Will appreciate any help.
9 comments
[ 2.2 ms ] story [ 41.4 ms ] threadThis covers most of it. I would focus on giving some small pieces of work to see how collaboration works.
What else scares you?
As long as everyone has some sort of calendar scheduling tool, with their normal work hours clearly listed, it's usually not too hard to schedule meetings and chat with people on Slack -- doesn't have to be real time chat.
There are at least a hundred valuable tips I could give you on how to be a great remote manager but if I had to give one, it would be this:
Be a mastermind. Remember first and foremost that variance is your enemy. Give detailed requirements. Hide information to keep your contractor focused. Avoid abstract directives like the plague. Instead, break off an atomic well-defined piece of work and give it to your remote worker to work on over a short time frame. Either do the integration engineering yourself or give that to a highly trusted, proven lieutenant. Iterate.
To summarize, until a relationship is well developed, imo micromanagement is basically correct.

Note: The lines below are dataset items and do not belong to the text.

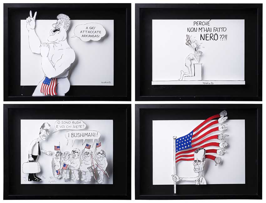 "Il reverendo Jesse Jackson in Siria" 1984; "L'elezione di George Bush" 1988; "Bush a Roma" 1989; "L'elezione di Bill Clinton" 1992. Gruppo di quattro cartoncini in 3D contenuti in teca (cm 30x40)
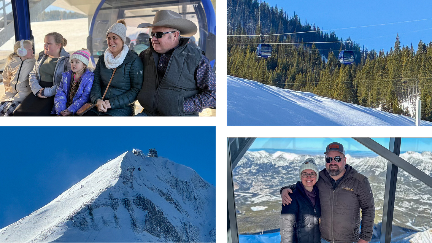 On Monday, we took a beautiful sleighride up a mountain pass through the snow, and yesterday our friends all wanted to go on a gondola ride up to the peak of Lone Mountain. A hair-raising 12,000 foot climb to the summit.
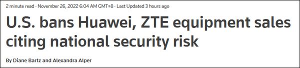 路透社:美国以国家安全风险为由,禁止销售华为中兴设备
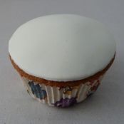 Untar la superficie del cupcake nuevamente con la mermelada de mango Hero. Y tapar con el fondant que anteriormente hemos cortado.

Question for you - have you met remote teams versus solo developers? Do you think there might be a team which had an experience in being remote and may save while we are doing our baby steps?
> We talk/chat a lot with them, as if they were in the same place.
> Cut tasks to smaller pieces to minimize the risks
What may go wrong:
- bad understanding of the tasks, that's why we communicate more
> and we always allow a little more time (than usual) for every task just in case something was misinterpreted and needs refactoring
> people located "offshore" hire them according to our requirements (English language is a must-have anyway, even if we're French)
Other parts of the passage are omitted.